In the first few days, Ye Qin ruined more than ten successive batches of elixirs, either due to uncontrolled fire or misjudging the extraction time. The result was a large accumulation of semi-finished products and dross. When the furnace was opened for the waste batches, a thick, acrid, burnt odor billowed out, choking Ye Qin until tears streamed down his face, making it nearly impossible for him to remain seated in the room.

It wasn't until several days later that he unexpectedly succeeded in refining a batch of spirit elixirs purely by chance. When he opened the furnace, a warm, refreshing, lung-cleansing fragrance filled the entire room, intoxicating him to the point of near trance.

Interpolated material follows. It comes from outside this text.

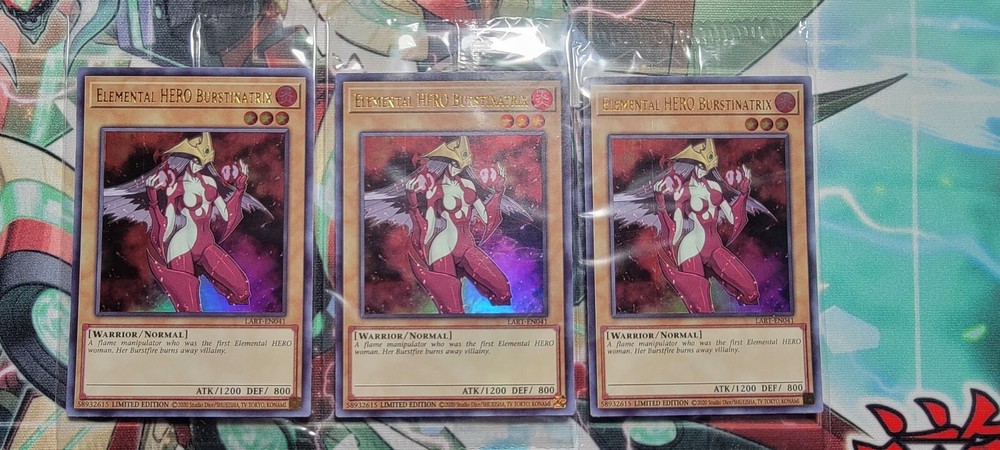 This rare and highly sought-after set of three Yugioh Elemental HERO Burstinatrix LART-EN041 Lost Art Promo cards is a must-have for any collector or fan of the game. They are all in NM condition and will be shipped in between 2 card protectors within a bubble mailer that will have tracking provided. No refunds, and happy purchasing!

Ye Qin was so overjoyed he could barely contain himself from jumping up. He carefully tipped the single, perfectly round, plump yellow spirit elixir, shimmering with spiritual energy, out of the iron furnace and grasped it, disregarding the heat.

The toil of the past few days had not been in vain; he had finally managed to refine one Dew-Reducing Pill. Now, he needed to see what its effects would be.

The method for consuming low-grade spirit elixirs was simple: swallow it directly, then meditate for about half a day, slowly refining the elixir within the abdomen to absorb its full medicinal power and convert it into immortal vital energy.

Ye Qin sat cross-legged on the rush mat before the alchemy furnace. After the spirit elixir cooled slightly, he swallowed the entire pill whole and began absorbing its medicinal properties.